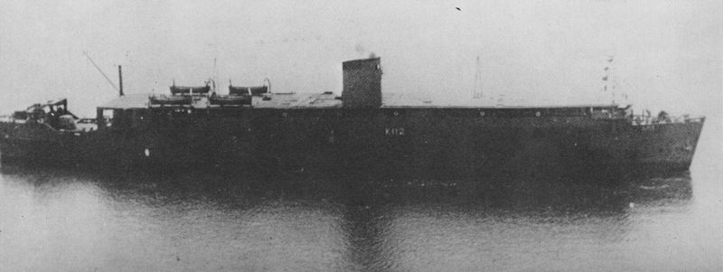 Imperial Japanese Army landing vehicle carrier Kumano Maru
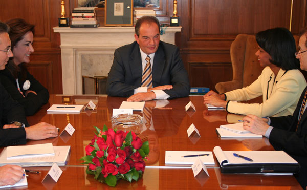 Athens, Greece. Secretary Rice meets with Greek Foreign Minister Theodora Bakoyannis (left) and Greek Prime Minister Costas Karamanlis (center) at Maximos Palace in Athens. State Department Photo.
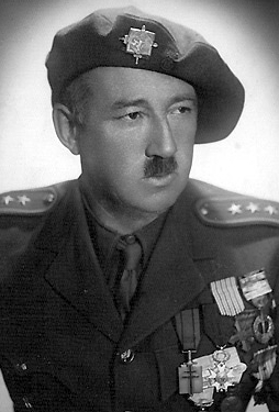 Lt.Col. Otto Wagner, circa 1945.
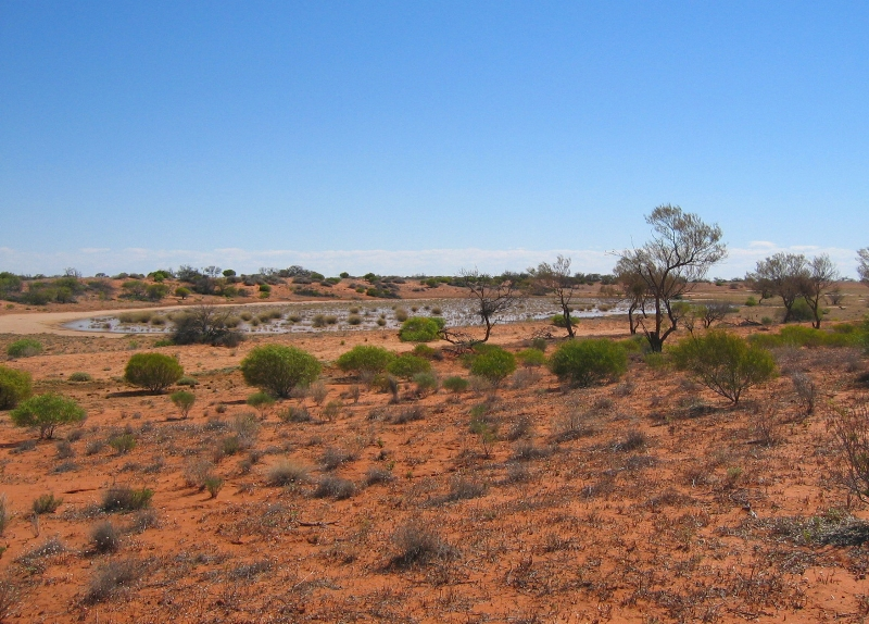 Clay pan pond near Marree forbidden zone in South Australia
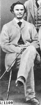 James Frew Jr cropped from File:Sixth Stuart Expedition 1861 PRG280 1 15 1109.jpg
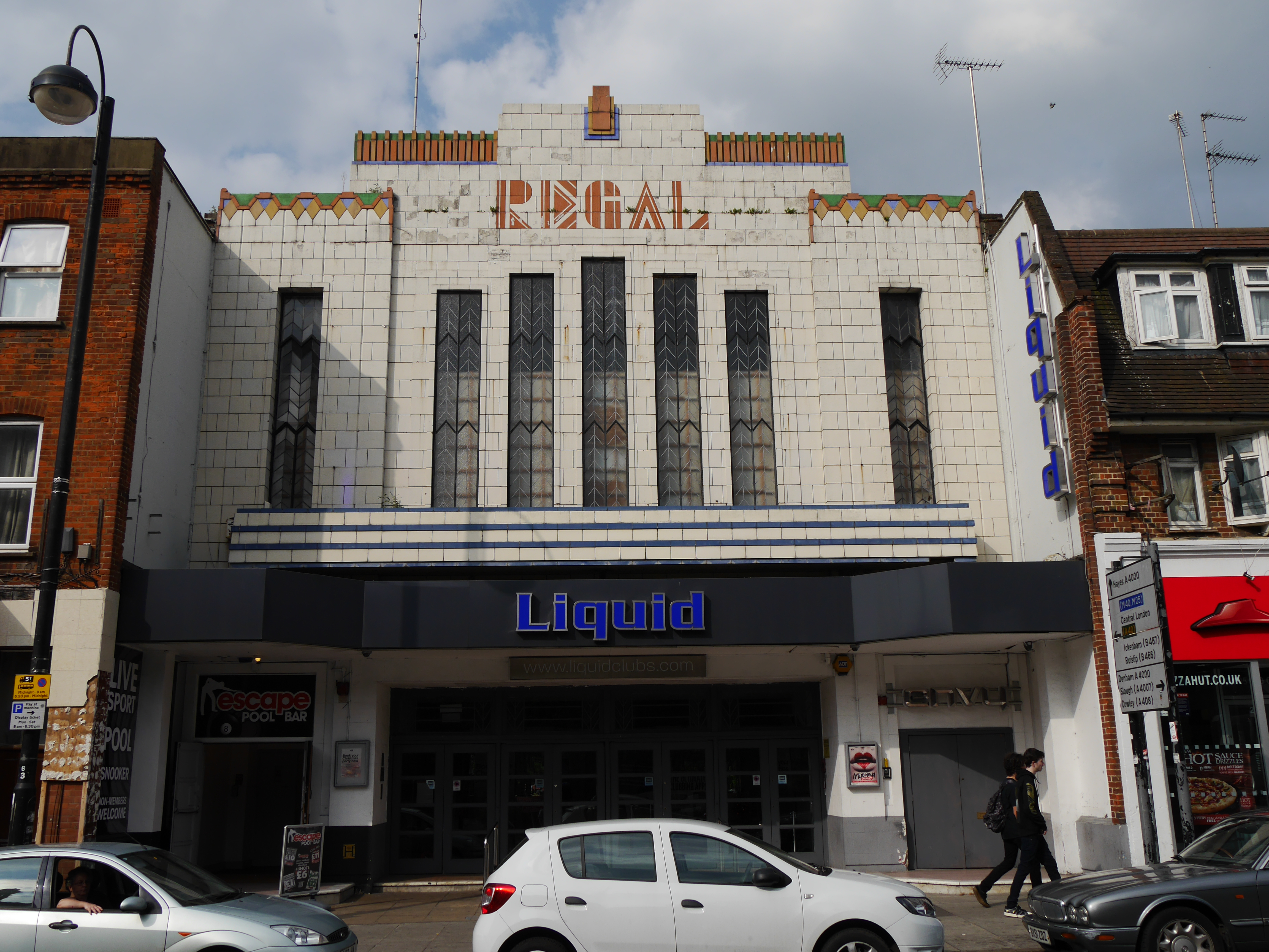 Regal Cinema, Uxbridge, May 2015
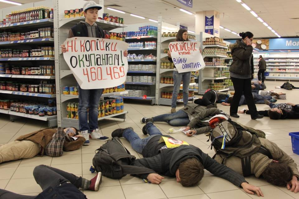 Flash mob in supermarket in Kiev, campaign "Do not buy Russian goods!" Picture made by activist of "Vidsich".
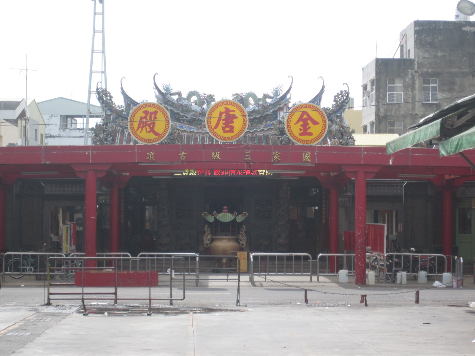 Jiali Jintang Temple
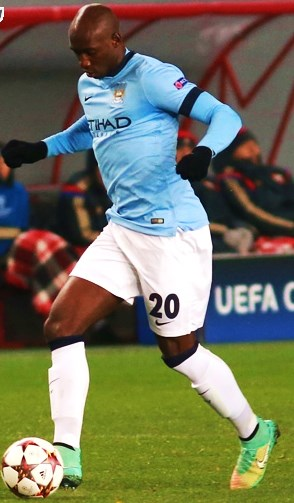 Eliaquim Mangala
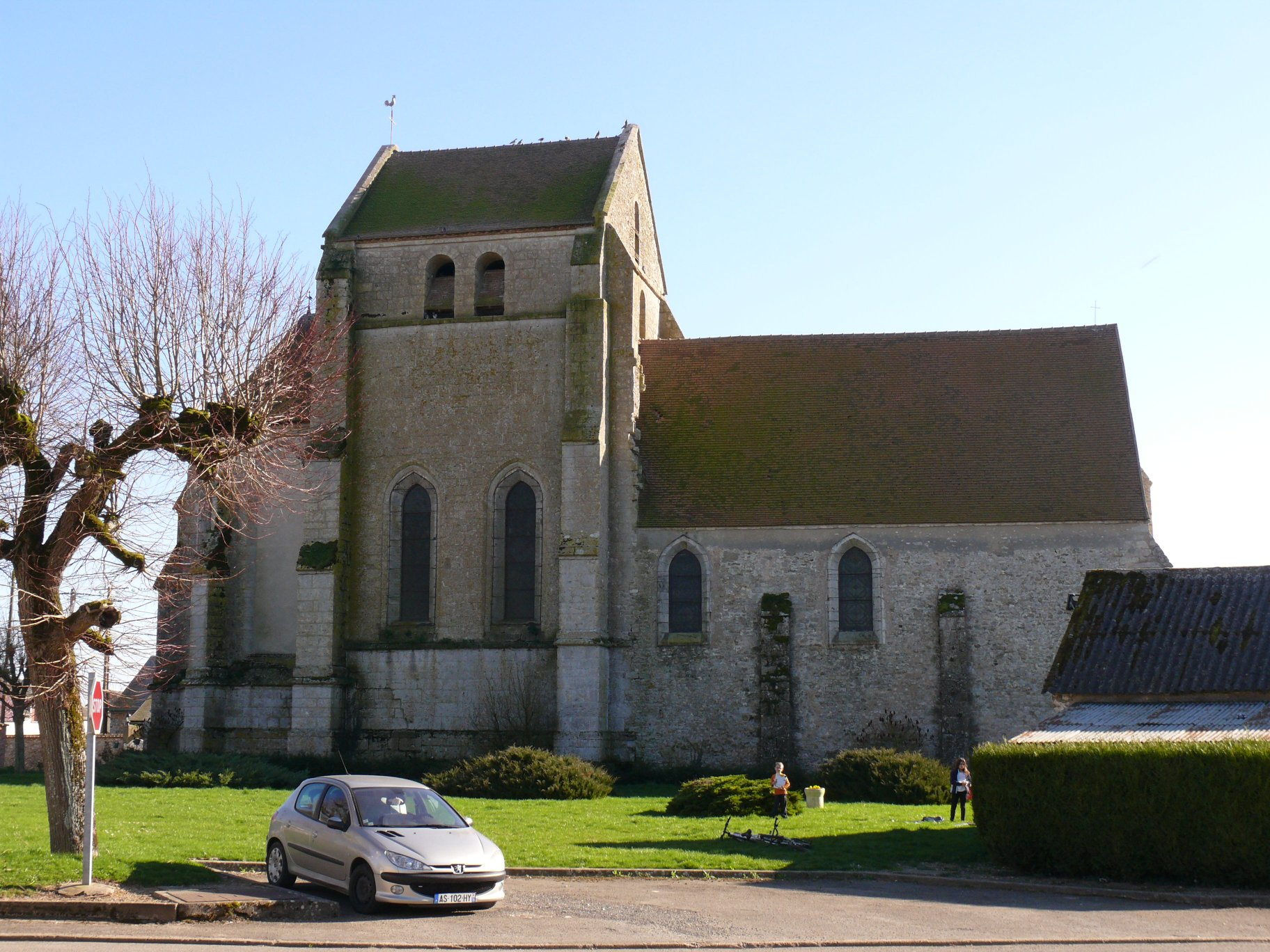 Saint-Georges-and-Saint-Gilles' church of Santeuil (Eure-et-Loir, Centre, France).
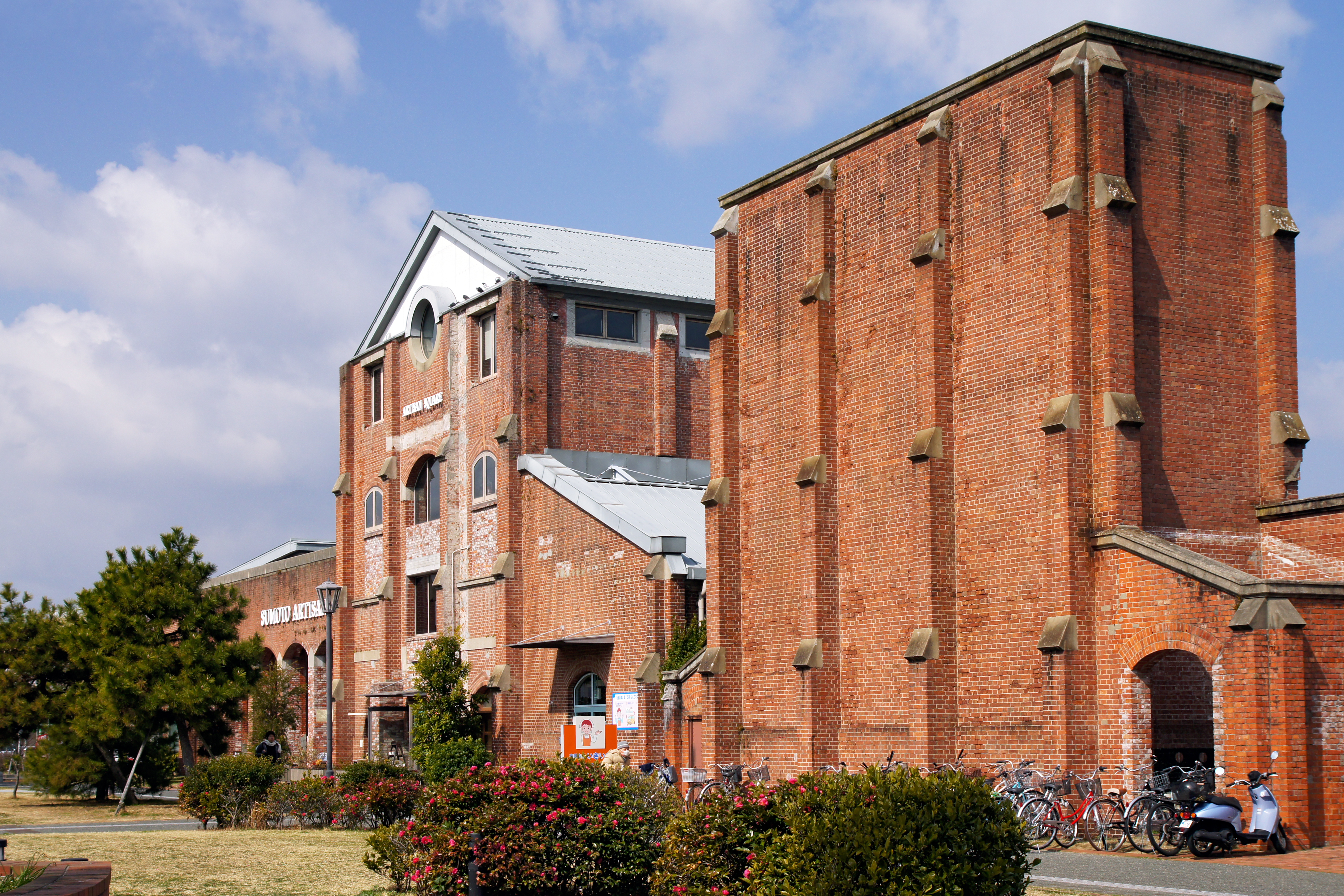 Sumoto_Artisan_Square in Sumoto, Hyogo prefecture, Japan.
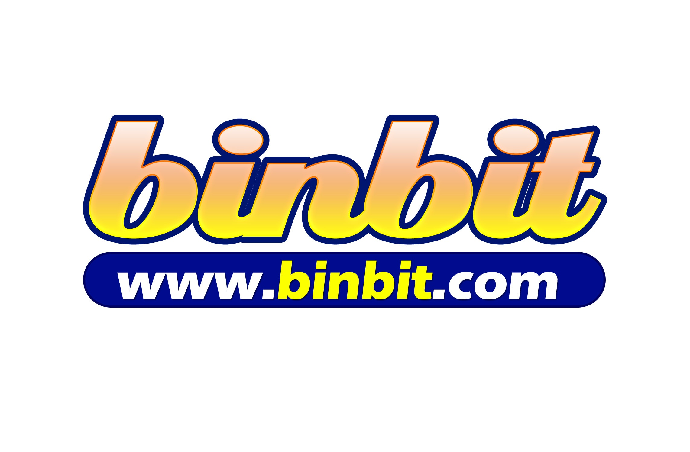 Binbit is a global company specialized in delivering mobile entertainment services to mobile operators, media groups and end users
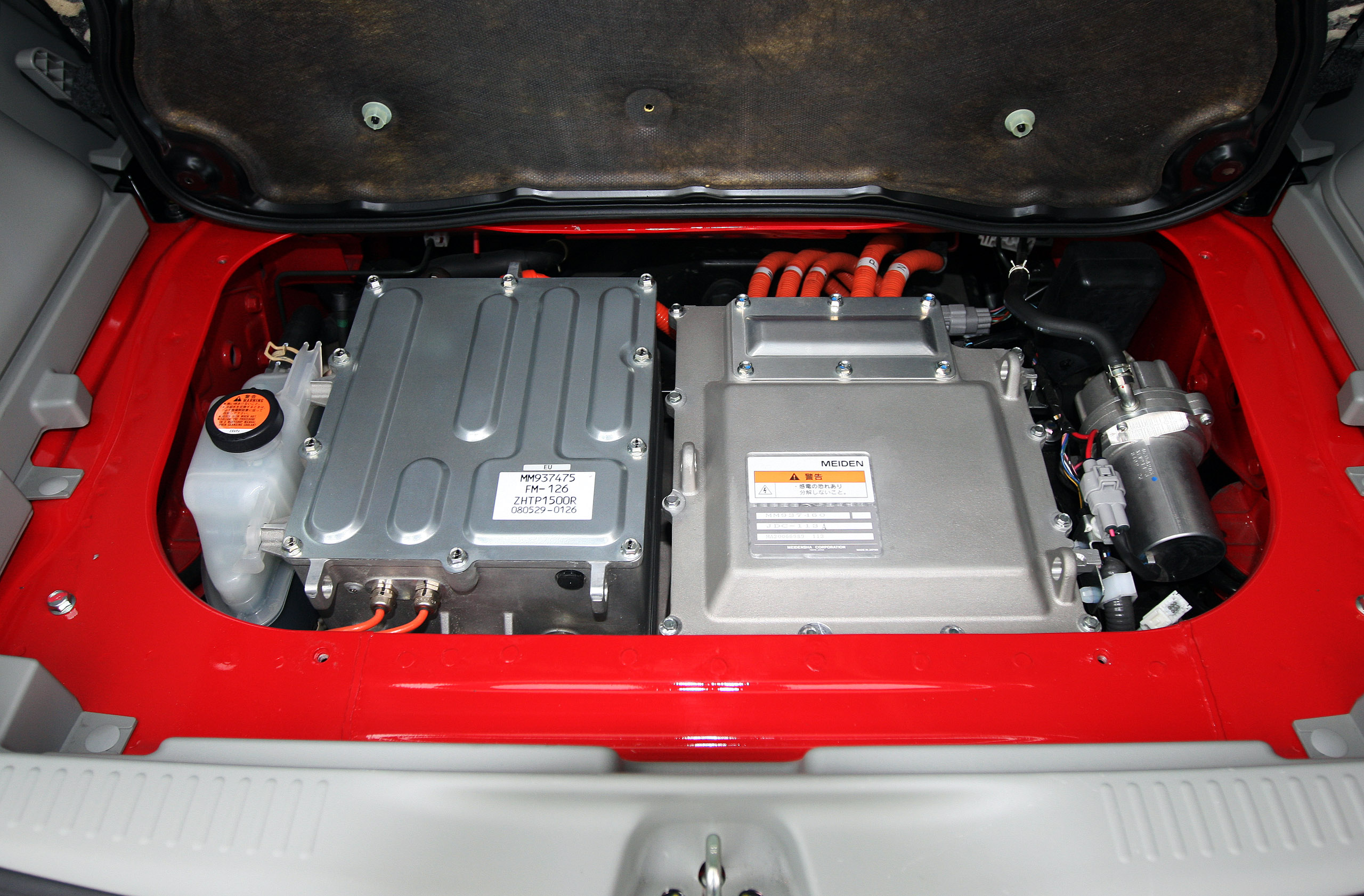 Motorsport Japan 2008: Mitsubishi i MiEV, electric engine room (located under the rear trunk room)
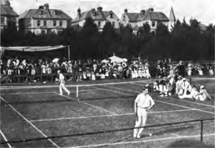 Final at the 1890 tennis tournament at Eastbourne. Arthur Ziffo vs. James Baldwin
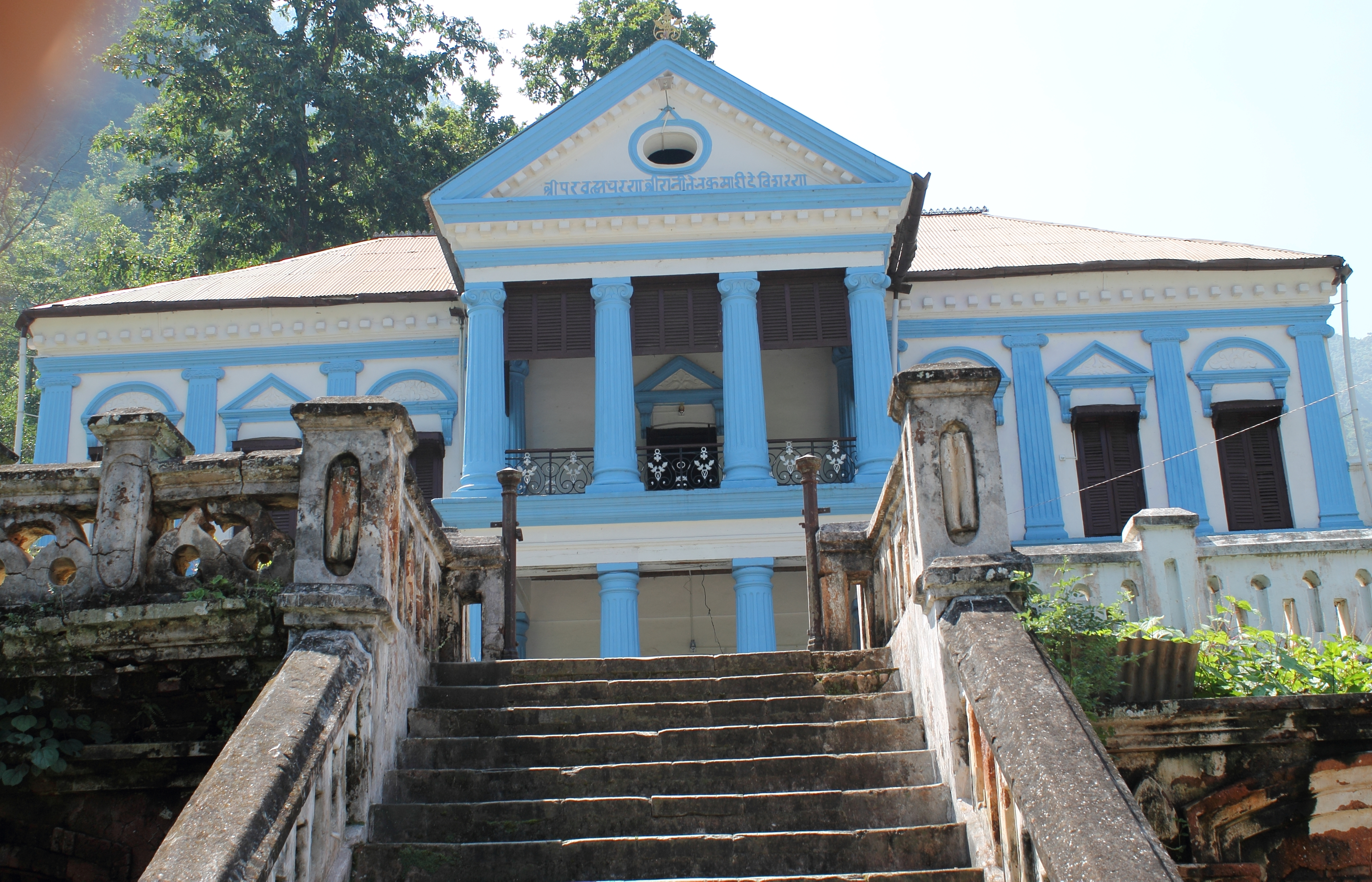 Front view of The Ranighat Palace Palpa District Nepal
____________
Print all entries exactly, without images.

 Imperial Japanese Army landing vehicle carrier Kumano Maru
 Athens, Greece. Secretary Rice meets with Greek Foreign Minister Theodora Bakoyannis (left) and Greek Prime Minister Costas Karamanlis (center) at Maximos Palace in Athens. State Department Photo.
 Lt.Col. Otto Wagner, circa 1945.
 Clay pan pond near Marree forbidden zone in South Australia
 James Frew Jr cropped from File:Sixth Stuart Expedition 1861 PRG280 1 15 1109.jpg
 Regal Cinema, Uxbridge, May 2015
 Flash mob in supermarket in Kiev, campaign "Do not buy Russian goods!" Picture made by activist of "Vidsich".
 Jiali Jintang Temple
 Eliaquim Mangala
 Saint-Georges-and-Saint-Gilles' church of Santeuil (Eure-et-Loir, Centre, France).
 Sumoto_Artisan_Square in Sumoto, Hyogo prefecture, Japan.
 Binbit is a global company specialized in delivering mobile entertainment services to mobile operators, media groups and end users
 Motorsport Japan 2008: Mitsubishi i MiEV, electric engine room (located under the rear trunk room)
 Final at the 1890 tennis tournament at Eastbourne. Arthur Ziffo vs. James Baldwin
 Front view of The Ranighat Palace Palpa District Nepal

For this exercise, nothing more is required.